Llevábamos pocas semanas saliendo cuando me contó que venía de una relación larga. Fue por eso por lo que, al principio, le costaba reconocer que lo que teníamos era más que una follamistad. O eso me dijo… El caso es que la cosa se estableció y, tanto él como yo, teníamos claro que éramos pareja.
Aunque también es cierto que no éramos la pareja más cerrada y apegada del mundo. Yo creía que eso se debía a que los dos somos muy independientes. A ambos nos gusta tener nuestro espacio y nuestros momentos de soledad o con otras personas de nuestro entorno. Nunca llegamos a hablar de irnos a vivir juntos, por ejemplo. Estábamos bien así. Cada uno en su casa, viéndonos cuando nos apetecía y haciendo planes, tanto juntos como por separado.

Por eso no me resultaba raro que, eventualmente, pudiéramos pasar una semana sin vernos. O que los fines de semana que tenía guardia nunca hiciéramos nada juntos. Esos días le podían llamar en cualquier momento y no quería estar nervioso ni dejarme colgada si tenía que ausentarse. Como decía, había sido así desde los inicios de la relación, por tanto, no me llamaba la atención.
Uno de esos findes estaba por ahí con mis amigas cuando vino a saludarme un chico que me sonaba y no recordaba de qué. Era un compañero de trabajo de mi novio, nos lo habíamos encontrado una vez y nos había presentado. Él tenía mejor memoria que yo, así que hablamos y, en un momento dado, me preguntó dónde estaba mi chico. Le dije que, al estar de guardia, había preferido quedarse en casa. Y entonces él puso cara rara y me dijo: ‘¿Qué guardia? Si desde que abrieron el departamento de 24hrs el año pasado, nos las han quitado’.
Ajeno al impacto que esa información me había causado, todavía estuvo un rato protestando porque, junto con las guardias, también les habían retirado un plus importante de la nómina. Me dio dos besos y se fue a la barra, lo mismo estaba un poco pedo. Pero, pedo o no, dudaba mucho que se hubiera inventado todo eso. Lo cual suponía que mi novio me mentía. Salí del local y le llamé para preguntarle cómo estaba y eso. Eran las doce de la noche y me respondió con voz de dormido. Le pregunté qué tal la guardia y me dijo que tranquila. Y yo, que estaba cualquier cosa menos tranquila, colgué, cogí mis cosas y me planté en su piso.
Terminó de sacarme de mis casillas que intentara mandarme de vuelta a través del telefonillo, el tío no me quería abrir para que subiera. Le dije que o me abría o me pegaba a los timbres hasta que alguien llamara a la policía. Debió de creerme, porque por fin abrió el portal.

Me esperó en el rellano, en pijama, con cara de pocos amigos y la puerta entornada.
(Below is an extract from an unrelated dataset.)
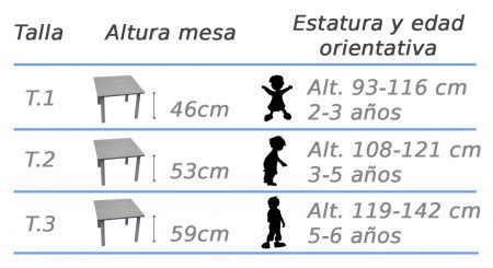 Mesa infantil trapezoidal, compuesta por cuatro patas de tubo metálico de Ø50 x 1,5 mm con acabado en pintura Epoxi y una tapa en tablero MDF laminado de 21 mm de espesor, con cantos redondeados y superficie y contratiro de laminado de alta presión (HPL).
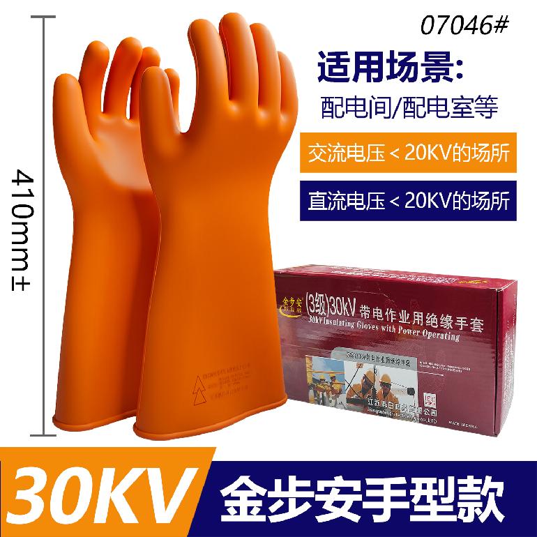 07046#绝缘手套30kv★金步安.弯曲手型.桔色胶

Yo, un poco fuera de mí, lo hice a un lado y atravesé el pasillo hasta el dormitorio, esperando encontrarme con otra chica en la cama.
Pero no había nadie. Fue al volver a la entrada y empezar a contarle lo que había averiguado, cuando apareció un niño en el pasillo. Estaba parado delante de la puerta del dormitorio juvenil que, según me había dicho, estaba tal cual lo habían dejado sus caseros cuando aún vivían allí. El chaval se nos quedó mirando y le preguntó: ‘¿Qué pasa, papá?’.
Resultó que cuando nos conocíamos venía de cerrar una relación larga, sí. Lo que no me dijo nunca es que tenía algo que le uniría siempre a su ex. ¡Es que me ocultó DOS AÑOS que tenía un hijo! Y me da igual que al principio temiera asustarme al decírmelo y luego se le hiciera bola.
No tiene justificación. Aceptar que era padre me hubiera sido mucho más fácil que perdonar que me lo hubiera escondido durante tanto tiempo. Porque, además, nunca sabré si me lo hubiera llegado a decir algún día o si nunca creyó en lo nuestro y por ello no vio necesario hablarme del niño.